Giving, like service, can become a personal pattern


Like many baby boomers, I watched wide-eyed and quiet in front of   "the big TV" as John Kennedy's caisson moved through the streets of Washington, D.C. from the Capitol rotunda to St. Matthews Cathedral.  The memory of Black Jack, rider less, with boots placed backwards in the stirrups can make me pause today.

But my perspective on funerals and tradition is closer to the bone than a broadcast.

Funeral traditions help make up my sense of history and place, and my own sense of self. I grew up in Springfield, IL. Our annual grade school field trips meant visits to the cemetery: to Oak Ridge, where Abraham Lincoln is buried, or to Camp Butler national cemetery, to view the Civil War dead.

To say I was steeped in the Lincoln traditions would not be an exaggeration. And since father's family is buried in Oak Ridge Cemetery and my mother's family is buried in Crown Hill Cemetery in Indianapolis -- another site filled with historical associations - separating my family's history from funeral tradition is nigh on impossible.

My connections to funeral service are woven into the fabric of my life, a fabric that was created before I was born and one that will continue to comfort - like the Peanuts character Linus' blanket - through the lives of my children. As the blanket wears, new fabric is added, and if the sewing is seamless, the comfort and sense of stability and honor remain.

Charitable giving, too, can be a part of a personal pattern of tradition. If you're a "boomer" like me, perhaps you remember the UNICEF cartons at Halloween, MDA "carnivals" or Boy Scout paper drives. Did you help your mother or grandmother bake for a bake sale? Did your parents deliver Meals on Wheels?

Your parents may have focused their charitable giving on supporting their place of worship and an alma mater or two. Perhaps they were able to create a small family foundation through which their philanthropic goals could be realized. Or perhaps those "urges to give" have never been realized.

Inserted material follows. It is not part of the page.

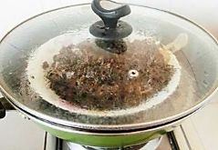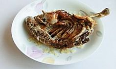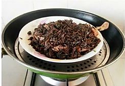 炒过的梅干菜码在鸭子上,入蒸锅蒸约20分钟至肉软烂

If giving hasn't become part of your own family's personal tradition, why not take a few initial steps together. If you have young children, you may want to start by visiting a local nursing home or senior center: consider volunteering to visit on a regular basis. Hook up with a food pantry or kitchen. Make holiday time a giving-to-strangers time. Send messages to our soldiers. Call your local humane society and learn how you can help as a family.

It's easy to begin to add a new tradition of generosity and compassion to your Linus blanket of comfort and stability. Or to continue the fabric pieced together for you by the "tailors and seamstresses" who have preceded you. Not only will you model a philanthropic orientation for those who matter to you, your own sense of history, place and self will be greatly enriched.